__Supplied records__:
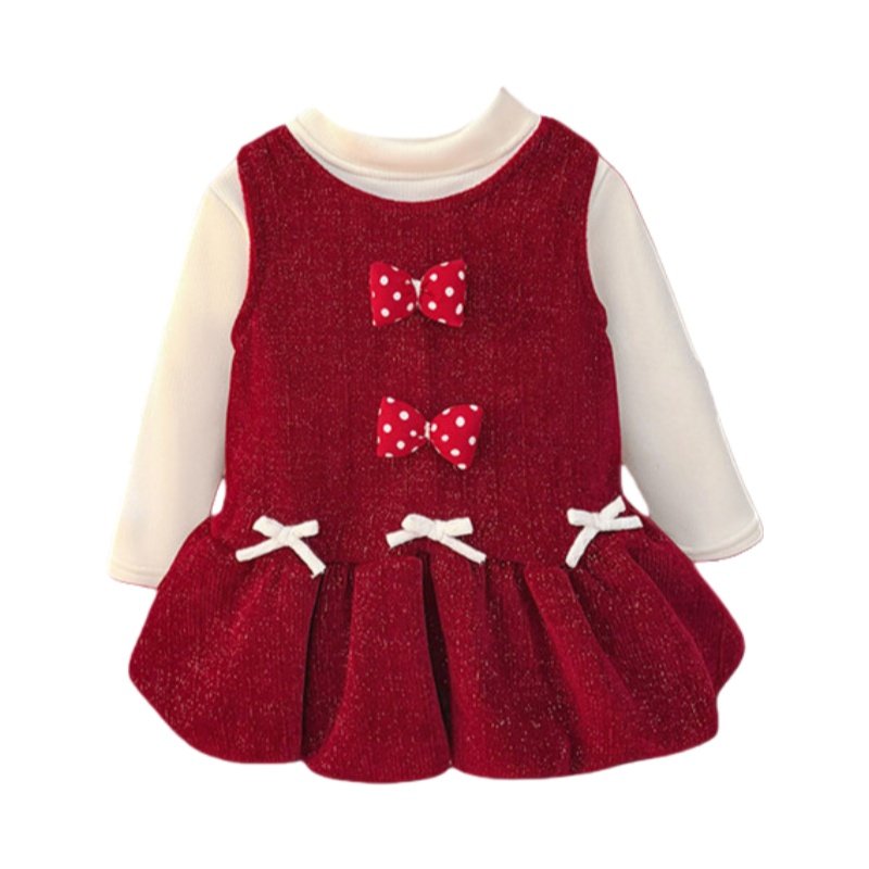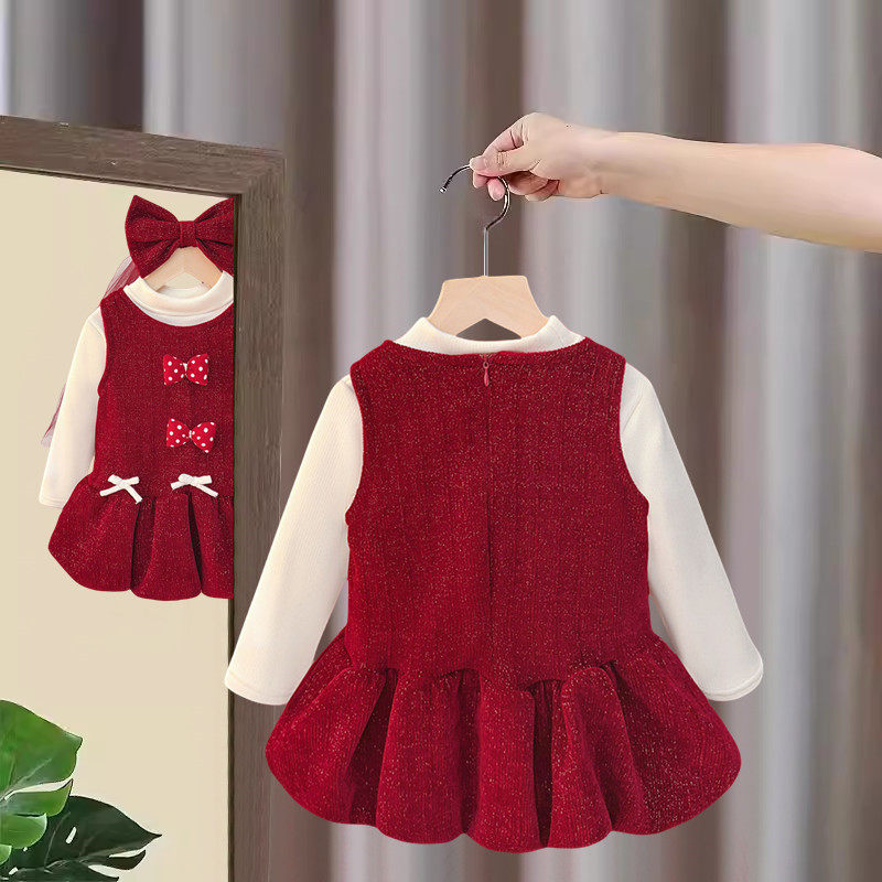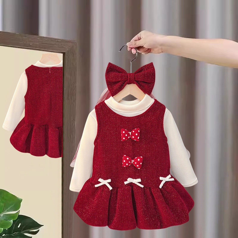 女童连衣裙套装冬装加厚宝宝公主裙蝴蝶结秋冬季2026儿童红色裙子
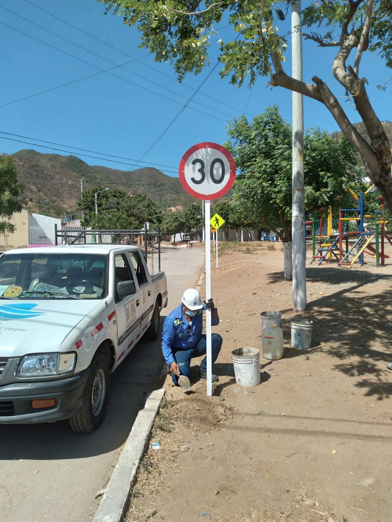 Instalan reductores de velocidad y señales de tránsito en zonas escolares de Santa Marta
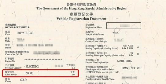 局方指車主可參考汽車「牌簿」上的「額定功率」,了解電動私家車的相關資料。(運輸及物流局fb圖)
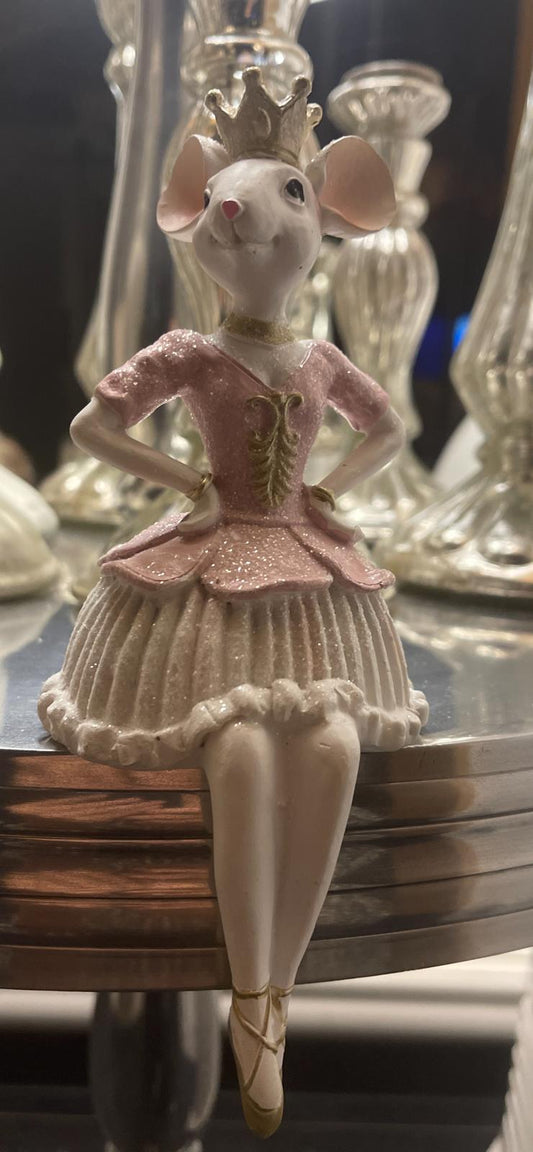 Clayre & Eef | Beeld ballerina muis zittend roze/goud 19cm
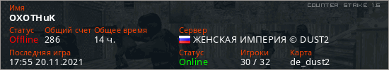 Играет на Counter Strike 1.6 сервере. Страна: РоссияПервый раз замечен 11:34 06.11.2021
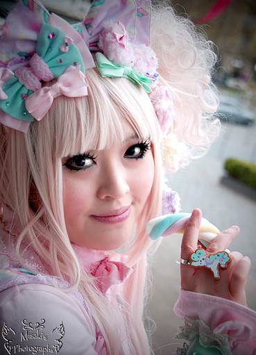 We used some cream/sprinkles/strawberry as a fascinator, then just let rip with a fair amount of strawberry and chocolate sauce and loads of bags of sweets right over her head.... (something I'm sure most loli's would faint at the mere notion of!
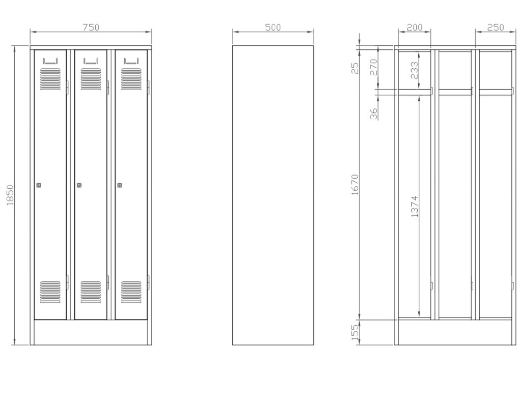 SAS 23 A helytakarékos öltözőszekrény, 3 személyes
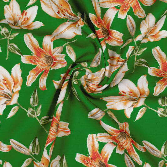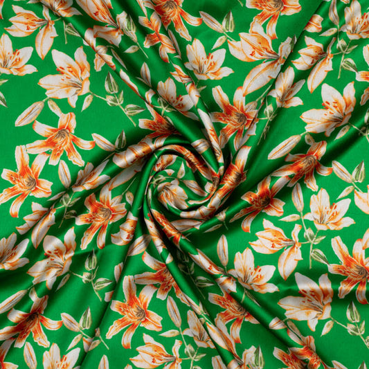 -10% offTricolor Floral Pattern Digital Print Japan Satin Fabric Tricolor Floral Pattern Digital Print Japan Satin Fabric
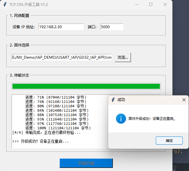 - 上位机:运行 TCP Client,选择固件文件,分片发送,并处理重传逻辑(通过 ACK 机制)。
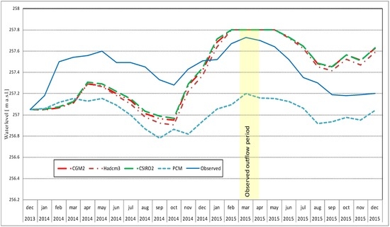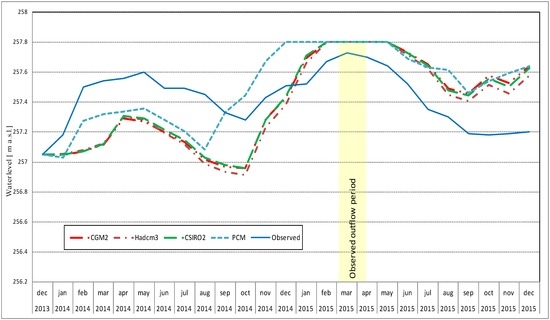 Taking into account the extreme emission scenarios (A1F1 fossil intensive growth, environmental sustainability B2), in Figure 12 and Figure 13 an initial comparison between the observed and simulated lake water levels for the test period (December 2013–August 2015) is shown. The set of CGMs evaluated are Hadcm3, PCM, CGM2 and CSIRO2.
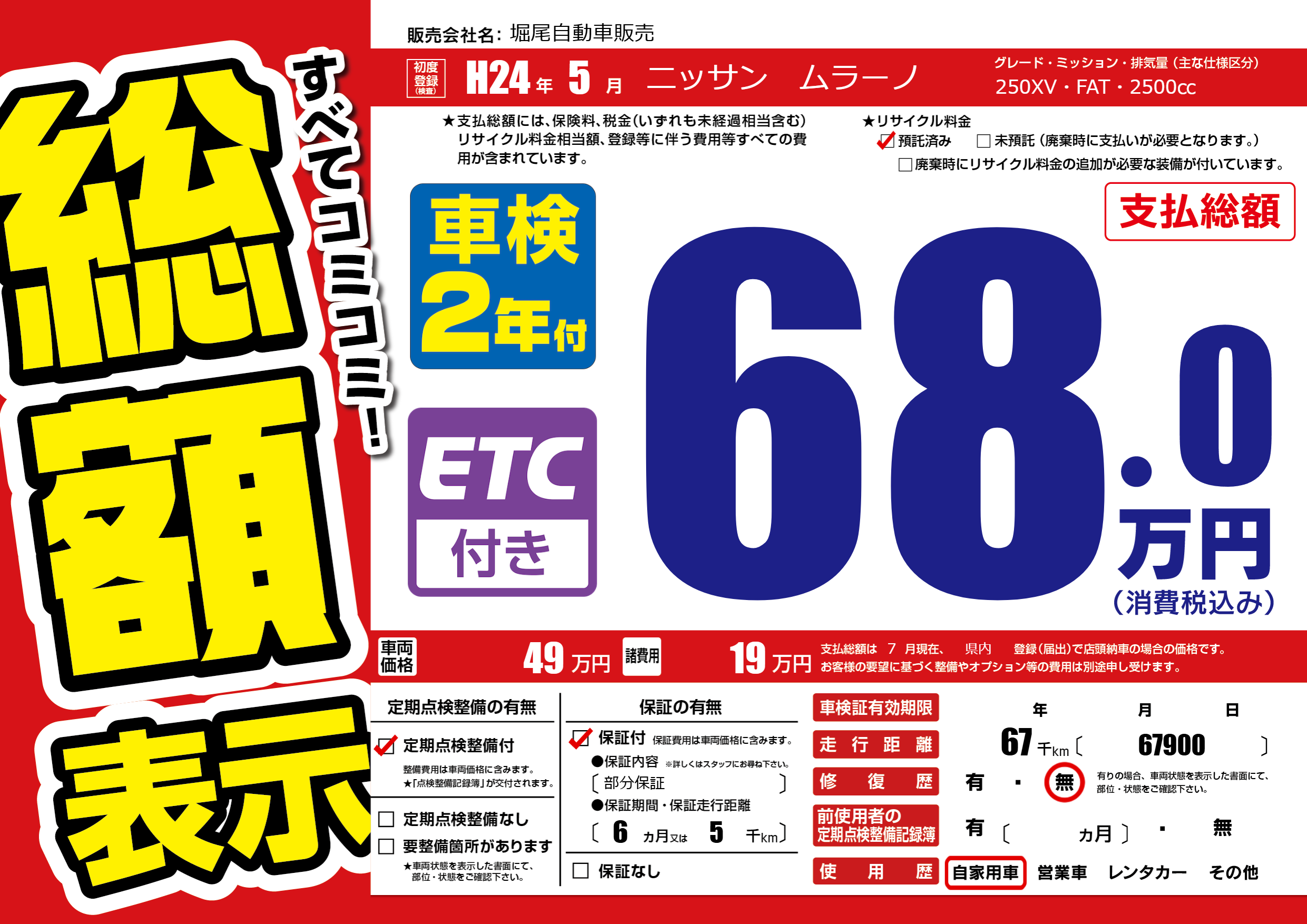 | 走行キロ | 6.7万km | 初年度登録 | H24年5月 |
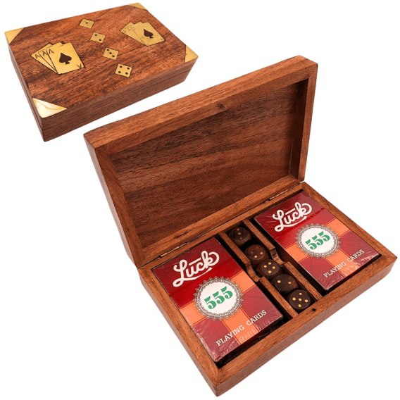 ?Zestaw zawiera: Dwie talie kart do gry, kości do gry, eleganckie drewniane pudełko
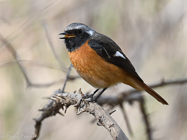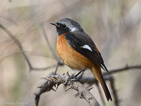 和名: ジョウビタキ, English: Daurian redstart, Binomial name: Phoenicurus auroreスズメ目 > ヒタキ科 > ジョウビタキ属 > ジョウビタキ
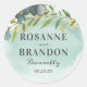Elegantes pegatinas de bodas con un lavado de acuarela verde/azul, encantadoras hojas de eucalipto botánico, salpicaduras de falso Relieve metalizado de oro, nombre de las parejas y fecha boda.
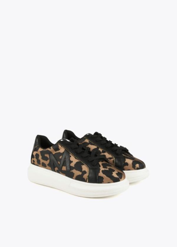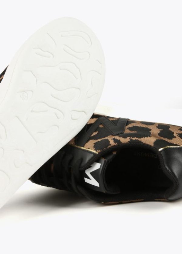 Zapatillas tipo sneakers con estampado animal combinado con detalles dorados y negros. Letra logo en efecto piel en laterales.
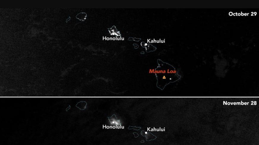 La imagen de arriba fue adquirida a las 12.25 UTC del 28 de noviembre por el instrumento VIIRS (Visible Infrared Imaging Radiometer Suite) en el satélite NOAA-NASA Suomi NPP. A modo de comparación, la imagen por encima muestra la misma área el 29 de octubre de 2022, antes de que comenzara la erupción.
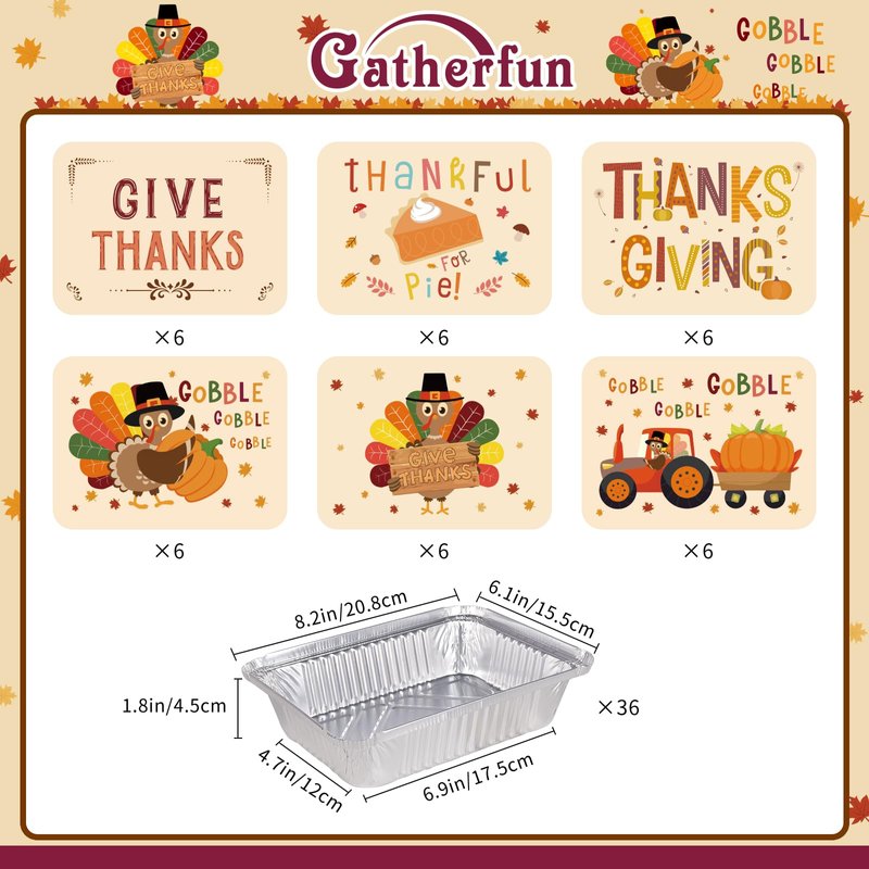 - This package comes with 36 pieces of Thanksgiving leftover containers with lids, sized at 6.1"W x 8.2"L x 1.8"H each. Made from aluminum, every container features a decorative lid which not only preserves food but adds a touch of style as well.
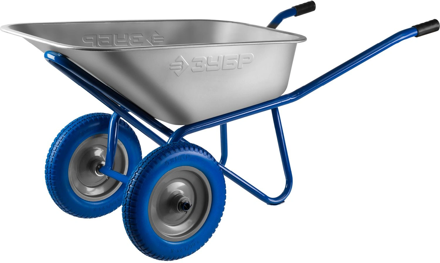 Строительная двухколесная тачка 110 л, грузоподъемность 240 кг 39911_z01 предназначена для перевозки твердых и сыпучих грузов. Данная модель отличается прочной конструкцией и способна выдерживать вес до 240 кг. Цинковое покрытие.

__Description of the task__: The lines running from the beginning of the listing above through the line that holds "Elegantes pegatinas de" are to be duplicated exactly, both ends kept, pictures omitted.

__Result for this task__:
 女童连衣裙套装冬装加厚宝宝公主裙蝴蝶结秋冬季2026儿童红色裙子
 Instalan reductores de velocidad y señales de tránsito en zonas escolares de Santa Marta
 局方指車主可參考汽車「牌簿」上的「額定功率」,了解電動私家車的相關資料。(運輸及物流局fb圖)
 Clayre & Eef | Beeld ballerina muis zittend roze/goud 19cm
 Играет на Counter Strike 1.6 сервере. Страна: РоссияПервый раз замечен 11:34 06.11.2021
 We used some cream/sprinkles/strawberry as a fascinator, then just let rip with a fair amount of strawberry and chocolate sauce and loads of bags of sweets right over her head.... (something I'm sure most loli's would faint at the mere notion of!
 SAS 23 A helytakarékos öltözőszekrény, 3 személyes
 -10% offTricolor Floral Pattern Digital Print Japan Satin Fabric Tricolor Floral Pattern Digital Print Japan Satin Fabric
 - 上位机:运行 TCP Client,选择固件文件,分片发送,并处理重传逻辑(通过 ACK 机制)。
 Taking into account the extreme emission scenarios (A1F1 fossil intensive growth, environmental sustainability B2), in Figure 12 and Figure 13 an initial comparison between the observed and simulated lake water levels for the test period (December 2013–August 2015) is shown. The set of CGMs evaluated are Hadcm3, PCM, CGM2 and CSIRO2.
 | 走行キロ | 6.7万km | 初年度登録 | H24年5月 |
 ?Zestaw zawiera: Dwie talie kart do gry, kości do gry, eleganckie drewniane pudełko
 和名: ジョウビタキ, English: Daurian redstart, Binomial name: Phoenicurus auroreスズメ目 > ヒタキ科 > ジョウビタキ属 > ジョウビタキ
Elegantes pegatinas de bodas con un lavado de acuarela verde/azul, encantadoras hojas de eucalipto botánico, salpicaduras de falso Relieve metalizado de oro, nombre de las parejas y fecha boda.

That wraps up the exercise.